Life Insurance as a Possible College Saving Tool
There are many “college savings plans” which are actually rebranded life insurance policies. Are companies trying to hide something with these products? No. They are just trying to get consumers to pay attention to another option while navigating around the bad press that life insurance has received in the past. Providers include Gerber Life Plan for College, New York Life, Met Life, American Family, and many others.
The Pros and Cons of Life Insurance as a College Savings Tool
- Ensure Student(s) Have College Money
- Cash Value does NOT Impact Financial Aid Calculations
- Can Often Borrow from Life Insurance Policy
- Poor Growth Potential
- Longer-Term College Investments
- Withdrawals ARE Considered Income
Ensure Student(s) Have College Money
Life policies nsure that the student has the needed money for college in case the parent, grandparent, aunt or uncle dies. No other financial instrument has the same power to fill financial needs when an unexpected death occurs.
Cash Value does NOT Impact Financial Aid Calculations
Cash value in a life policy does not impact financial aid calculations. Unlike practically all other types of investments, money inside the life policy is not counted on the FAFSA or CSS Profile. This can make the life policy a very effective financial aid shelter.
Can Often Borrow from Life Insurance Policy
Borrowing against a life insurance policy is a way to get cash for college, at a very low cost to you, which will not negatively impact your EFC. Borrowing against a life policy typically has net costs in the range of 0.5% to 1.5% interest, and most of that goes back into your policy. Sometimes you don’t have to pay it back at all. Also since it’s technically a loan, it is not considered income.
Poor Growth Potential
Life insurance policies do not have good growth potential. In shaky economic times, many people may like the slow, plodding, security of a life policy. But if you are looking for growth, life policies are not designed for it.

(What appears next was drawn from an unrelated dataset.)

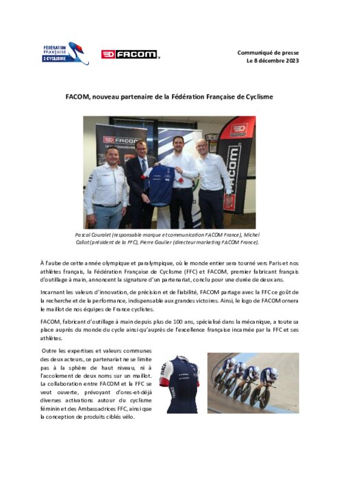 À l'aube de cette année olympique et paralympique, où le monde entier sera tourné vers Paris et ses athlètes français, la Fédération Française de Cyclisme (FFC) et Facom, premier fabricant franças d'outillage à main, annoncent la signature d'un partenariat, conclu pour une durée de 2 ans.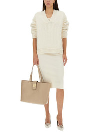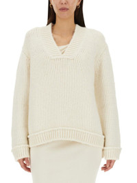V-NECK RIBBED CUFFS AND H SIZE: S/M/L Gender: Women Material: 68% ALPACA 10% WOOL 22% POLYAMIDE Color: IVORY Made in: IT Product ID: MAK1258_YAX588AW003 *Import tax/duty will be calculated at checkout (If applicable)

Longer-Term College Investments
Life policies are not good choices for any savings plans shorter than ten years in most cases. If you are looking for someplace to put money and take back out in the short term, the fees and penalties on life policies will often eat up any benefit.
Withdrawals ARE Considered Income
Withdrawals from a life policy are considered income by the financial aid process. Unlike loans, cash withdrawals show up on your financial aid forms and drive up your EFC. If your life policy was heavily funded up front, you run the risk of not being able to borrow money and all money coming back out of the policy will be treated as a cash withdrawal (it’s called a modified endowment contract).